P3.Make sure whose POV you are writing from and interpret the facts

O. The pupils very ardently defended their own and each others’ works; however, could not but admit the shortcomings when taking the POV of the specific tree and the benches

VI. Reviewing Homework (see the lesson about Mother Bear and Her Cubs):

T. What is your cub talking to you about?

1. why we need to go and can’t stay

2. asks about a new place – is it good, comfortable

3. what rooms will  be there

4. if it is safe or not

5. what nature is there

6. are there other bears

7. mine is a funny story

8. a good daughter and a bad son – relationships

9. difference between the characters

T. Make a conclusion:

P. the theme was the same we wrote about different things

2. all cubs have questions

3. we managed to write that they are cubs not human kids

T. You wrote about different things – why?

(In the future T. will lead to various possible interpretations depending on the aim)

T. takes the pupils back to – the list of WHEN WE WRITE

Conclusion: P. when we start writing we must understand why we write


The idea of this task and its analysis appeared from the problem seen in the previous task ‘Mother Bear and her Cubs’: newly born cubs mentioned bees which they could not see. When writing another POV task the pupils made the same mistake – included the facts from their own POV not from the POV of their character, this was the basis for discussing this problem at the lesson and adding this into their POV model.  

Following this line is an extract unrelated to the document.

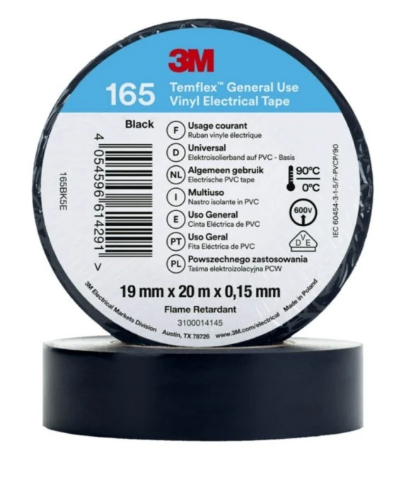 3. Taśma izolacyjna 19mm x 20m PVC Temflex 165 czarna 7100184800 6.90
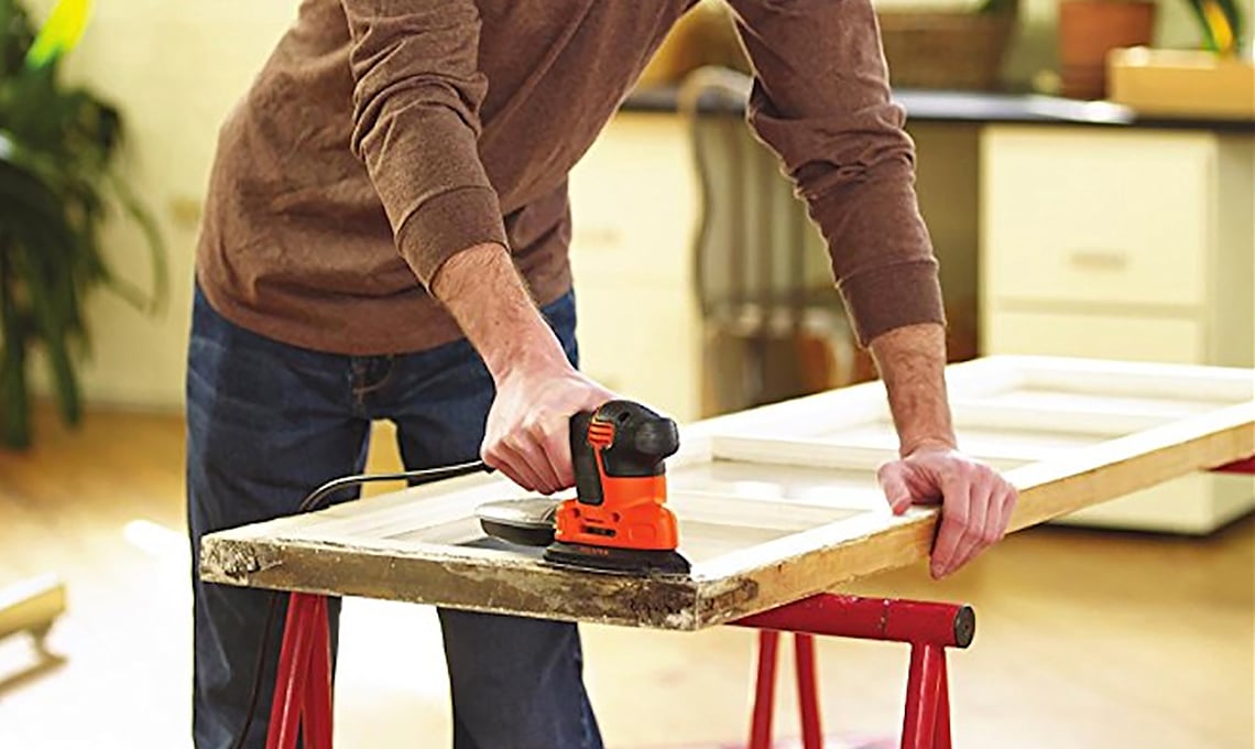1. SFILA la porta dai cardini, appoggiala su due cavalletti e carteggiane la superficie con la levigatrice elettrica a base triangolare, precisissima anche negli angoli.

By this lesson the teacher made the pupils realize that the change of one element in the text leads to the change of other elements. She wanted them to understand that only reliable facts should be selected and their interpretation depends on the purpose, specific situation and the POV of the one who writes/talks; any element we speak about is a part of a certain system and this should be taken into account when writing. 

The level of creativity is higher when the task is properly limited. We have seen it through the task with the specific tree and the benches form the school yard.


# Alexander Sokol 2012-02-03 13:33
Irina and Larisa, many thanks for an interesting lesson and an account of it. I think it is extremely useful, especially if one succeeds in creafully reading through the whole of the post. A few questions I had while reading.
1. Pupil's models for POV. I think it would be useful to share some of them under Materials section and probably even add comments on how they have been evolving.
2. How is the process of pupils' changing their models is organised technically? As I understand, there's no time to do it during the lesson as the focus is different. Are they expected to do it afterwards / at some certain times? Is it checked? If so, by whom and how? I think it could be useful to discuss this question here.
3. Evaluation of pupils' models from the appropriateness of the ENV. I understand that the main focus is on improving models through empirical testing - and I like it. However, at times, we can also look at models from a purely logical point of view and ask if what we call an element or parameter is actually an element or a parameter. Or if it is a parameter of the element we've defined. Do you see what I mean? My question is if you sometimes ask your pupils to do such things?
4. As Susan noted in another comment, your approach of asking learners to write the aim for the lesson seems unusual to many teachers. As you know, I like this approach a lot. However, I think it'd be useful to have a separate post dedicated to it and provide links to some of the aims. As a question, I'd like to ask about the changes you notice in the ways learners formulate aims.